2. Architecture ablations
YOLO11, Mask2Former, and RF-DETR, fine-tuned on the construction dataset in both equirectangular and cubemap domains, to bracket the design space: CNN single-stage, transformer query-based, and real-time DETR.
- YOLO11-seg gives the quickest inference and built-in mosaic-style augmentation, but expects a square input and aggressively downscales the panoramic frames.
- Mask2Former (Swin-B, COCO-instance) is a query-based transformer with masked attention, trading inference speed for higher-quality masks.
- RF-DETR-Seg (Roboflow's real-time DETR, DINOv2 backbone) is NMS-free set prediction, the newest and most efficient of the three.
3. Synthetic data via Blender
A few hundred labelled frames isn't enough for production-grade training, so we're building a procedural Blender pipeline that manufactures them.

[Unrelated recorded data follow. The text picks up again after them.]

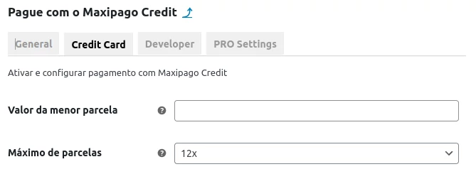 Ao habilitar o método de pagamento por Cartão de Débito ou Crédito via MaxiPago, a versão gratuita oferece configurações básicas, como mostrado na imagem ao lado. É importante notar que as imagens são ilustrativas e podem não refletir as atualizações mais recentes do plugin.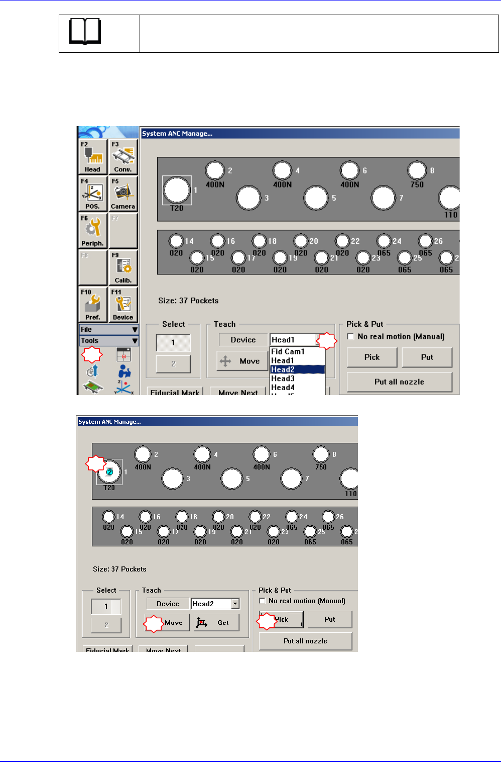 Head 17 “ Parts ” 对话框 中选择任意部件 (1005 ) 后点击 <E dit> 按钮,执行 “ Par t Edi to r” 对话框。 点击 <M ove> 按钮后 , 再点 击 <Prepare Alig ne T est> 按钮 1 2 3 4 5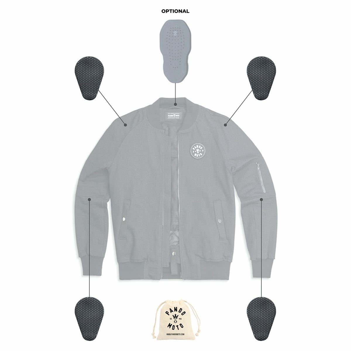 ライディング時の裾上がりを考慮し、背中の丈が長めに作られておりますが、パンツとジャケットを繋げるループが付いているので組み合わせると高速走行の際のバタつきを軽減。背面には反射素材を使い描かれたブランドのロゴとシングルラインがパンドモトの世界観を演出しております。
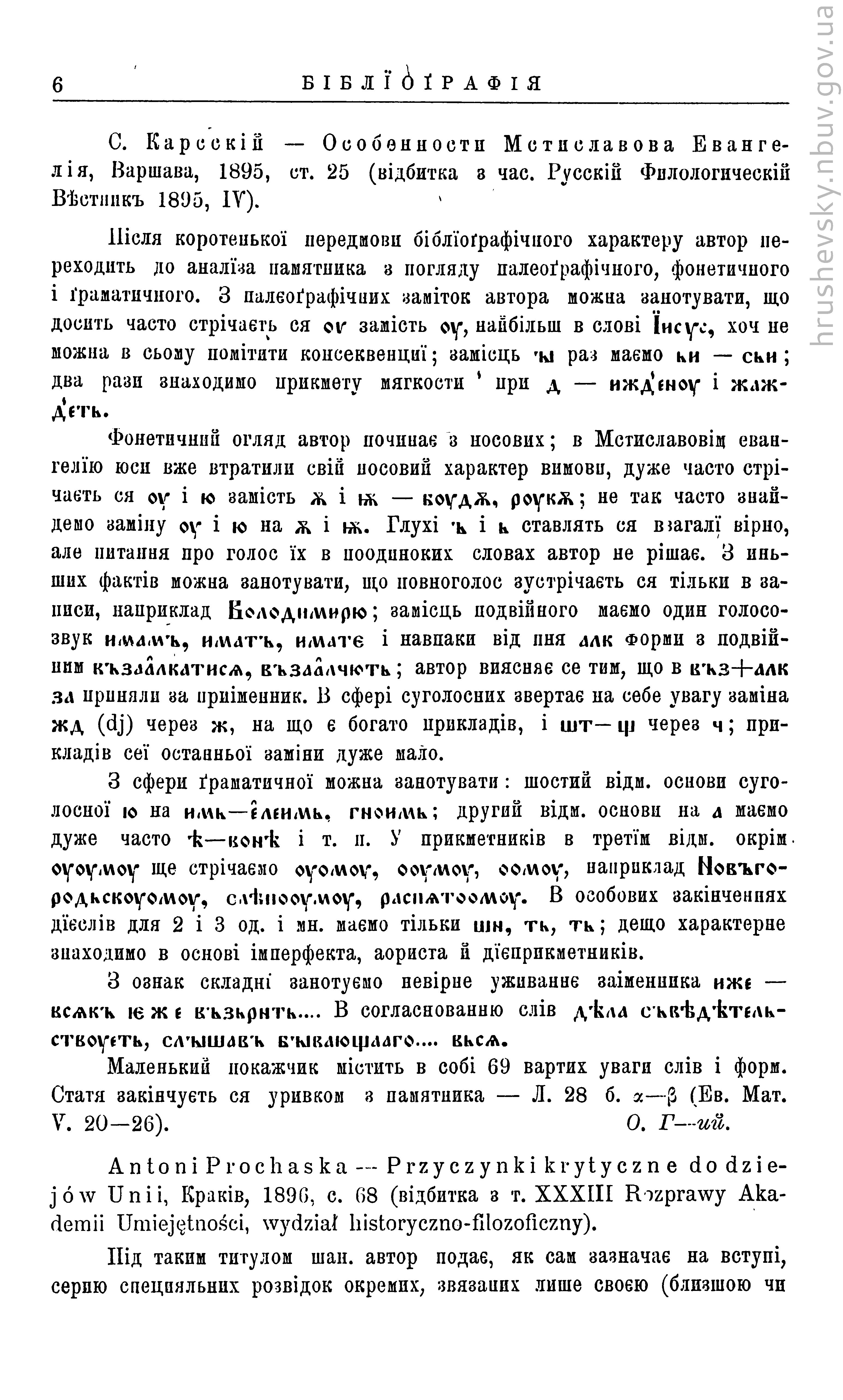 | 10. |  | М. Грушевський Antoni Prосhaska Przyczynki krytyczne do dziejów Unii, Краків, 1896, c. 68 (відбитка з т. XXXIII Rozprawy Akademii Umiejętności, wydział historyczno-filozoficzny) // Записки товариства імені Шевченка : вид-во, присвяч. науці і письменству укр.-рус. народу. - Львів : Накладом Т-ва імені Шевченка, 1897. - Т. 18, кн. 4. - С. 6–9 |  Бібліотека
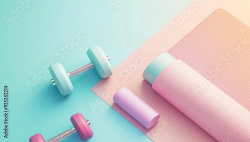 Fototapeta premium Two pink dumbbells and a pink yoga mat.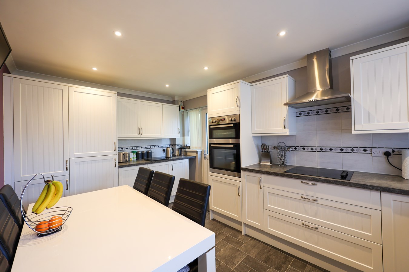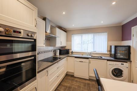 11' 3" x 17' 6" (3.43m x 5.33m) Window to the front and side and part glazed door to the side, sink unit with space and plumbing below for a dishwasher and separate space for a washing machine, fitted hob unit with stainless streel extractor over, double electric oven, built in fridge/freezer, tall larder storage unit. Low voltage lighting, wall mounted socket for T.V.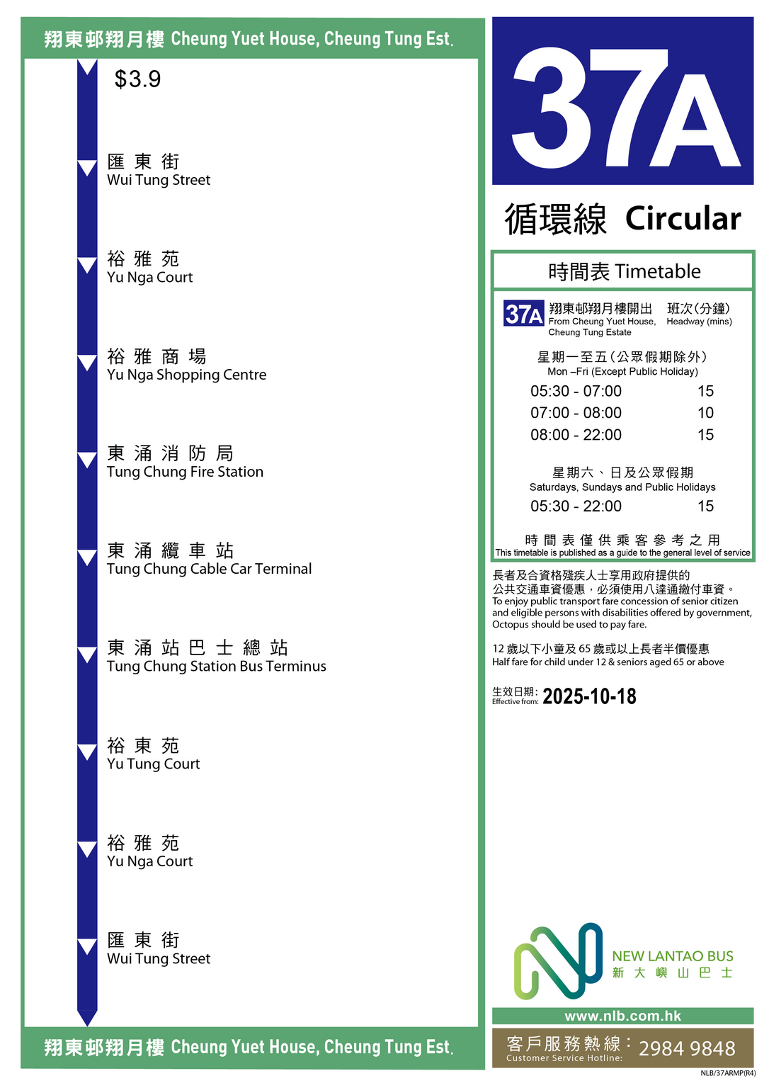 37A 翔東邨(翔月樓) > 東涌站巴士總站 (循環線)

- Generates synthetic construction interiors with parameterised columns, doors, door frames, windows, staircases, and elevator shafts, using Poly Haven HDRIs and PBR materials with domain randomisation.
- Renders to the cube-face format used by the pipeline (square crops at 90° FOV), with ground-truth per-instance masks, so synthetic and real share an identical label contract.
- Plan: mix synthetic and real frames in training, with explicit class-balance control to lift the rare components (elevator shafts, staircases).
4. Temporal tracking
Turns the per-frame masks into temporally-stable instance IDs across the video, reasoning on the sphere rather than in flat pixels.
- Per-object Kalman filter in longitude/latitude plus Hungarian assignment over a multi-cue cost (mask IoU, angular distance, appearance, shape).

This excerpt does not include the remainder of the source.